I'm looking at building a new system, and was waiting to see what happens with this chip and Intel's Arc Pro B70 card. I can't find ECC UDIMMs of 64GB per-stick to make 128GB, but I can put together two solo UDIMMs of 32GB or 48GB for $800 and $1000 per stick respectively.
I really want to see what enabling the L3 cache options in the BIOS do from a NUMA standpoint. I have some projects I want to work on where being able to even just simulate NUMA subdivisions would be highly useful.
1 reply →
You're basically me. I was mulling 48 vs 96, decided 200$ wasn't worth quibbling too much over and bought 96GB in August.

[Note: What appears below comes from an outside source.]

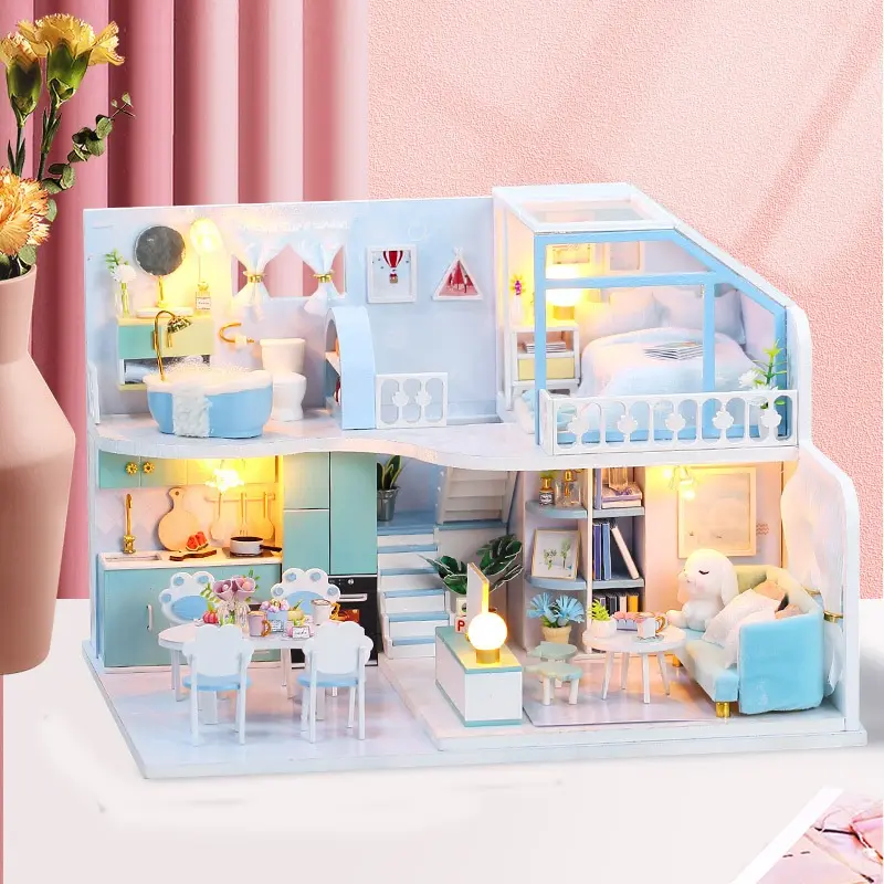 DIY Creative Attic Cottage — "Blue Serenity": A 3D Assembly Model. This makes for an exquisite birthday or holiday gift, as well as an ideal choice for crafting enthusiasts.

Feeling pretty chuffed now XD (though still sad because building a new PC is dumb when RAM costs more than a 24 core monster CPU)
1 reply →
Same... got 2x48 DDR5 for $304 back in February of 2025. Equivalent kits are going for $900-$1,100. Madness.
>Meanwhile I hope my AM4 will chug along a few more years.
I am fine with my 2 year old 128GB DDR4 for now. I will just upgrade the 14700K to 14900KS CPU and wait 2 more years.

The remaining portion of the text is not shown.